*Required work:* Exact transcription begins at the first line of the material below and ends with the line holding "Чехол на подушку с"; pictures are skipped.

-------- Raw data --------

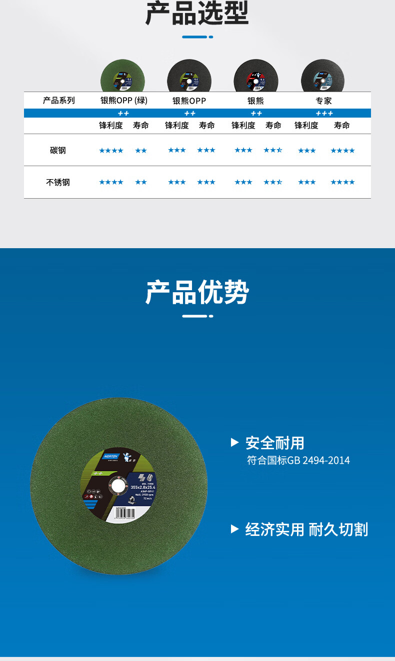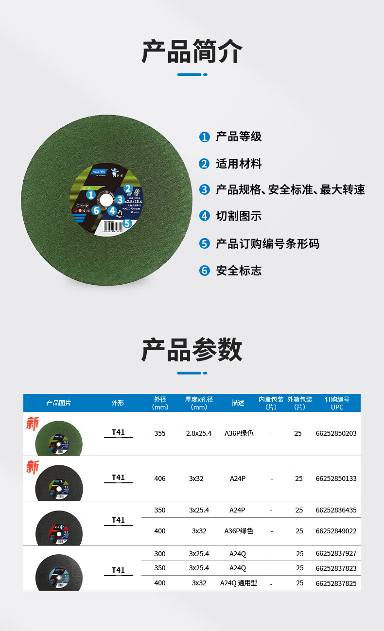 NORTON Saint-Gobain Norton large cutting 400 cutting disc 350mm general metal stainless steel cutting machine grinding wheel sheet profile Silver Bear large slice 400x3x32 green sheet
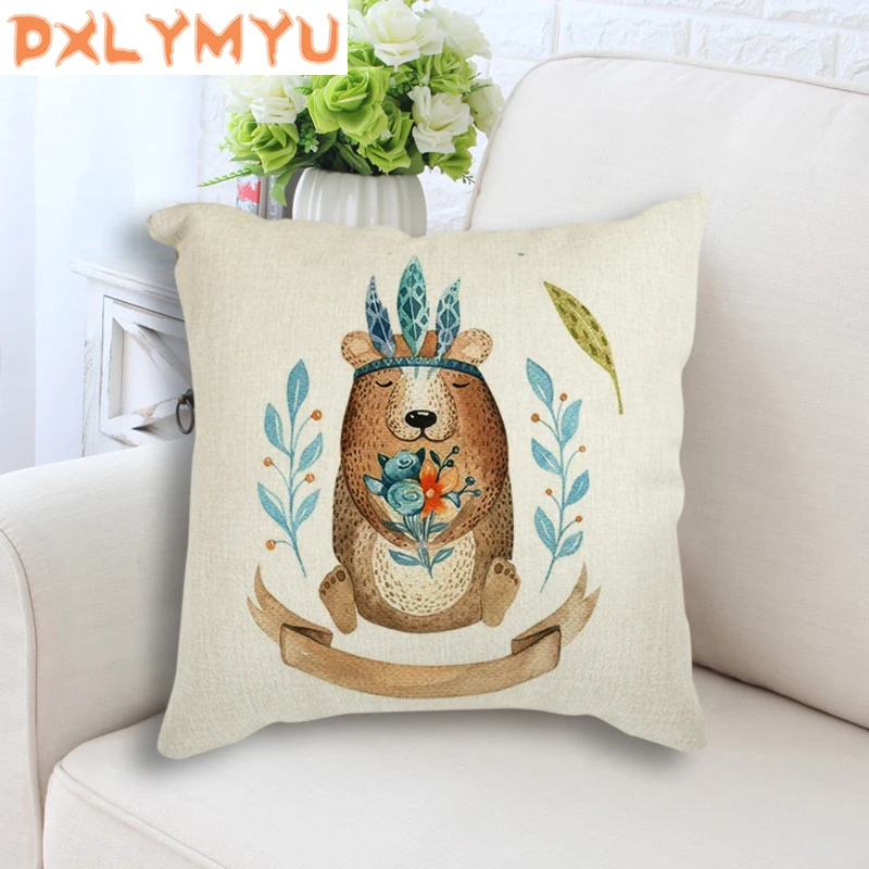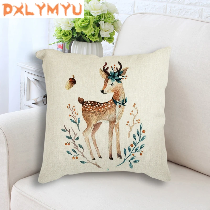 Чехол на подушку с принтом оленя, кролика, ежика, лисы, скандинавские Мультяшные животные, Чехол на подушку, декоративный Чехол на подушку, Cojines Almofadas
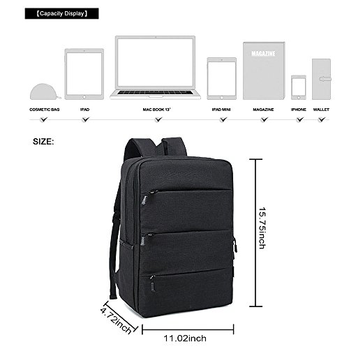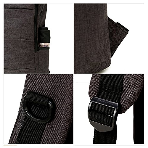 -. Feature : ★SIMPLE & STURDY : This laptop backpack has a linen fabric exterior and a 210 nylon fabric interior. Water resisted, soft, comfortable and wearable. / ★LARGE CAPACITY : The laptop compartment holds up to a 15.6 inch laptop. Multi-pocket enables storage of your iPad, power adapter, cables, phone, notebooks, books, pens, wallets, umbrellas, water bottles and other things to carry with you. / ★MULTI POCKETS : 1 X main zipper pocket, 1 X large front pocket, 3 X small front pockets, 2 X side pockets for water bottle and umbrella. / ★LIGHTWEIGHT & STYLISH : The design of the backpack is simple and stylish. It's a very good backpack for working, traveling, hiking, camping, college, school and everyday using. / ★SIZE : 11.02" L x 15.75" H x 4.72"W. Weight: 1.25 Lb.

--------

*Exercise solution:*
 NORTON Saint-Gobain Norton large cutting 400 cutting disc 350mm general metal stainless steel cutting machine grinding wheel sheet profile Silver Bear large slice 400x3x32 green sheet
 Чехол на подушку с принтом оленя, кролика, ежика, лисы, скандинавские Мультяшные животные, Чехол на подушку, декоративный Чехол на подушку, Cojines Almofadas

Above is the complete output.